[Start of section]

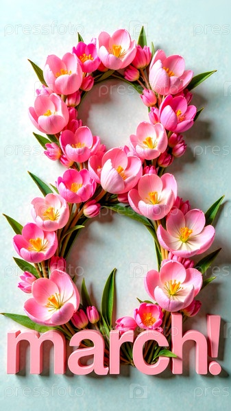 Надпись 8 марта составлена из розовых тюльпанов. Международный женский день
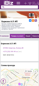 | Название / Заголовок | Борисюк А.Л. ИП - Магазин стройматериалов СПАРТА. Двери (входные, межкомнатные). Керамическая плитка. Ламинат. Лакокрасочная продукция. Кровельные материалы. Крепеж.. 231000, Сморгонь, , Коласа, 80 |
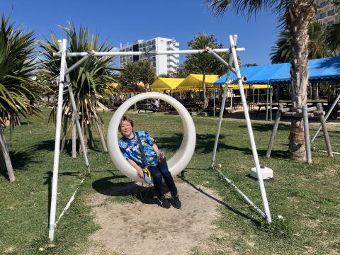 | 2026.2.10(火) 本日は、メンバーに中日ファンもいるし、中日ドラゴンズのキャンプ地北谷球場へ。昨日までと打って変わってやっと沖縄らしい天気となった。メンバーも特に練習に興味を示さず、近くのビーチや「アメリカンビリッジ」(飲食等のできる商業施設)に行って楽しむ。 青い海と青い空、これぞ沖縄といったキャンプ地だ。 |
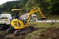 朝7時半より作業開始。学校横駐車場の一部の土地を、工作機械を使って掘り下げ、周囲には田んぼ用のゴム製ボードを設置し、ダンプカー4台分の土を入れました。排水のためのパイプも取り付け、水を入れながらトラクターで耕し、6M×6Mの田んぼが完成しました。終了したのは午後3時頃でした。
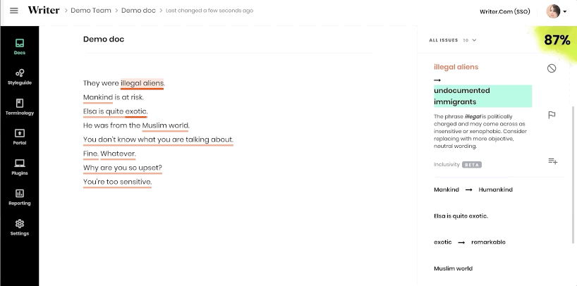 Tanto las personas como las empresas para las que trabajan quieren mejorar su forma de escribir, pero no solo en términos de gramática y ortografía. Si una empresa dice que es inclusiva, pero el lenguaje en sus comunicados de prensa o blogs internos está salpicado de anacronismo y sesgo, sugiere que su preocupación solo llega hasta cierto punto.

[End of section]

Exercise prompt:
Copy out the listing above in full and keep the pictures out.

Solved problem:
 Надпись 8 марта составлена из розовых тюльпанов. Международный женский день
 | Название / Заголовок | Борисюк А.Л. ИП - Магазин стройматериалов СПАРТА. Двери (входные, межкомнатные). Керамическая плитка. Ламинат. Лакокрасочная продукция. Кровельные материалы. Крепеж.. 231000, Сморгонь, , Коласа, 80 |
 | 2026.2.10(火) 本日は、メンバーに中日ファンもいるし、中日ドラゴンズのキャンプ地北谷球場へ。昨日までと打って変わってやっと沖縄らしい天気となった。メンバーも特に練習に興味を示さず、近くのビーチや「アメリカンビリッジ」(飲食等のできる商業施設)に行って楽しむ。 青い海と青い空、これぞ沖縄といったキャンプ地だ。 |
 朝7時半より作業開始。学校横駐車場の一部の土地を、工作機械を使って掘り下げ、周囲には田んぼ用のゴム製ボードを設置し、ダンプカー4台分の土を入れました。排水のためのパイプも取り付け、水を入れながらトラクターで耕し、6M×6Mの田んぼが完成しました。終了したのは午後3時頃でした。
 Tanto las personas como las empresas para las que trabajan quieren mejorar su forma de escribir, pero no solo en términos de gramática y ortografía. Si una empresa dice que es inclusiva, pero el lenguaje en sus comunicados de prensa o blogs internos está salpicado de anacronismo y sesgo, sugiere que su preocupación solo llega hasta cierto punto.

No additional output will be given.